Open ntadas opened 8 years ago
michalvasko
commented
8 years ago Hi, what is your setup again? You have libnetconf (the newest version I assume) with SSH and TLS disabled and are using netopeer-cli to connect to netopeer-server? You would not be able to compile netopeer-server with libnetconf that has both SSH and TLS disabled, so please elaborate, thank you.
Regards, Michal
ntadas
commented
8 years ago Hi I'm using the latest code from libnetcon, dowloaded yesterday night I have my own server, following the instructions on the libnetconf site (libnetconf compiled without TLS and without SSH) I'm using a custom database. I have netopeer-cli as a client.

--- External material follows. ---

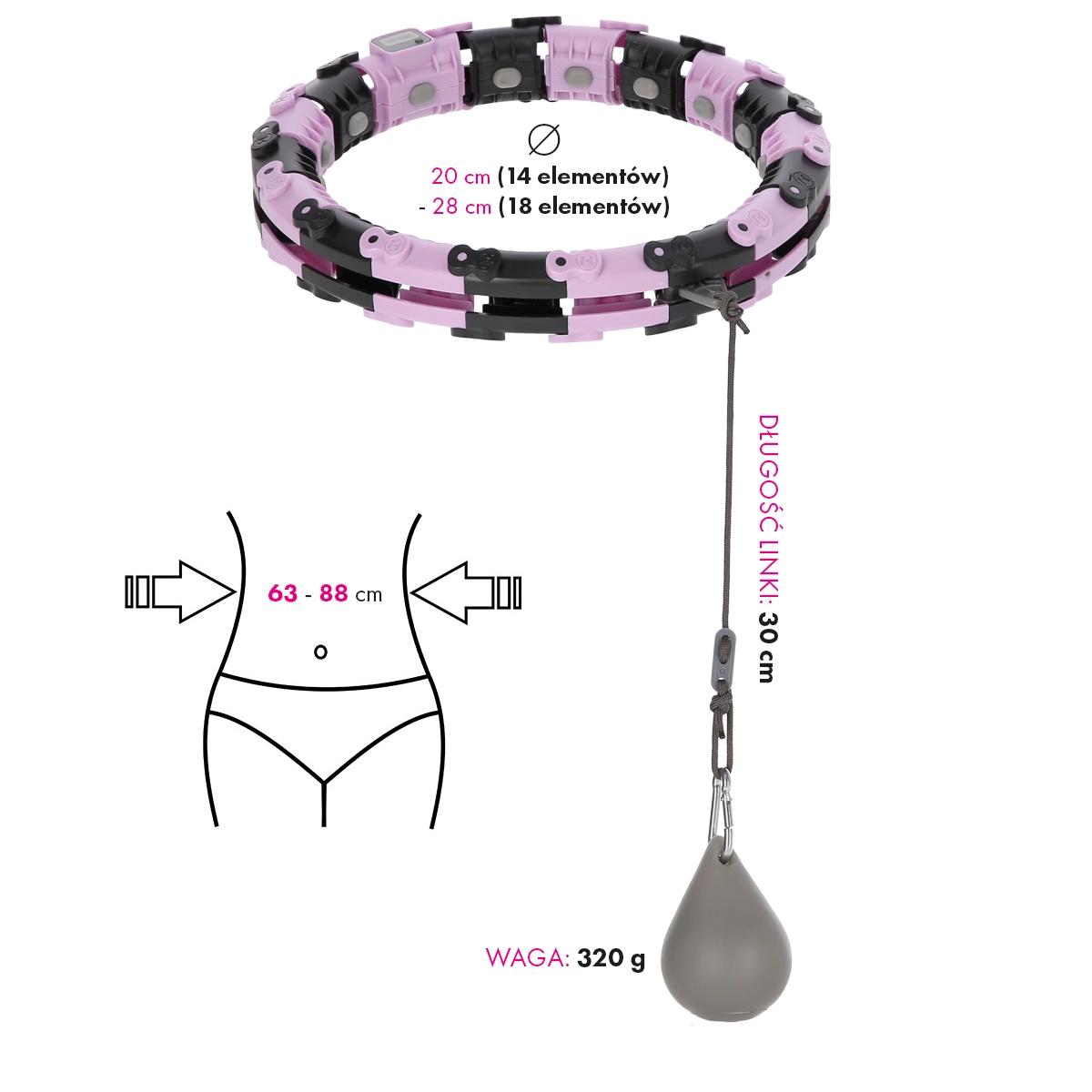 Acest cerc de fitness modern este alcătuit din segmente modulare pe care le conectați ușor în funcție de circumferința taliei. Datorită șnurului reglabil cu greutate (320 g), ajustați ușor intensitatea antrenamentului – cu cât șnurul este mai lung, cu atât forța centrifugă și dificultatea sunt mai mari. Proeminențele de masaj din interiorul cercului amortizează vibrațiile și, totodată, oferă un masaj plăcut.
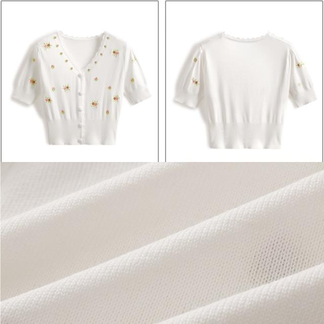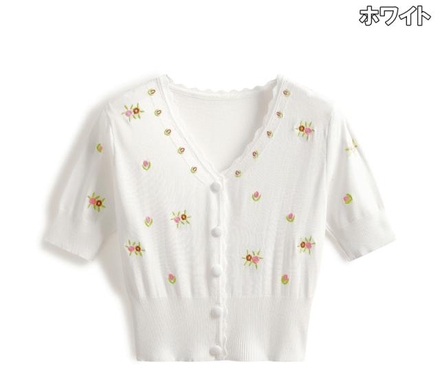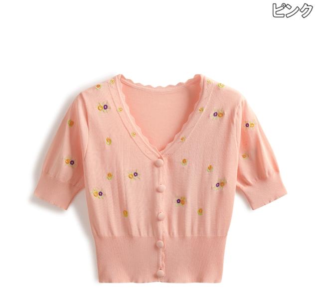 カーディガン レディース トップス ニット ニットトップス ワンサイズ フリーサイズ イエロー 黄色 ホワイト 白 ピンク 刺繍 花 フラワー フローラル パステルカラー シャーベットカラー Vネック フロントボタン 前開き フリル 春 夏 半袖 ショート丈 クロップド丈 ママ フェミニン ナチュラル カジュアル きれいめ きれカジ キュート ガーリー モテ 大人 大人可愛い こなれ感 ぬけ感 シンプル お出かけ デート 休日 定番 万能 着回し 王道 学生 通学 韓国 オルチャン ポップ 華やか 10代

most of the times I'm able to connect to the server do the get, get-config, edit-config etc... but sometime I have the problem described above.
michalvasko
commented
8 years ago Hi, in that case it is quite difficult for us to help you, we can only guess what the problem might be. But it loops indefinitely because it awaits more data on a non-blocking socket, which are lost somewhere (or never sent), it seems. I don't think I can help you more.
Regards, Michal
ntadas
commented
8 years ago Hi
but shouldn't this loop have a timeout? what can I provided you more so that you can try to help in this issue?
Regards
rkrejci
commented
8 years ago Where the file descriptor came from? In the case the libnetconf doesn't have SSH nor TLS I guess you have some standalone SSH/TLS server that resend data through this file descriptor to your NETCONF server (libnetconf), right? You should investigate this connection.
ntadas
commented
8 years ago yes, I'm using the ssh from my linux machine and I have a small ssh subsystem that only connects the input to the output and vice versa, so that the client and the server can talk. For this test I'm running the server and the client in the same machine, so I'm doing an ssh to localhost and the subsystem is talking with the server via afunix. I don't think the problem is in the connect, since is a local connection (but I'll investigate this also).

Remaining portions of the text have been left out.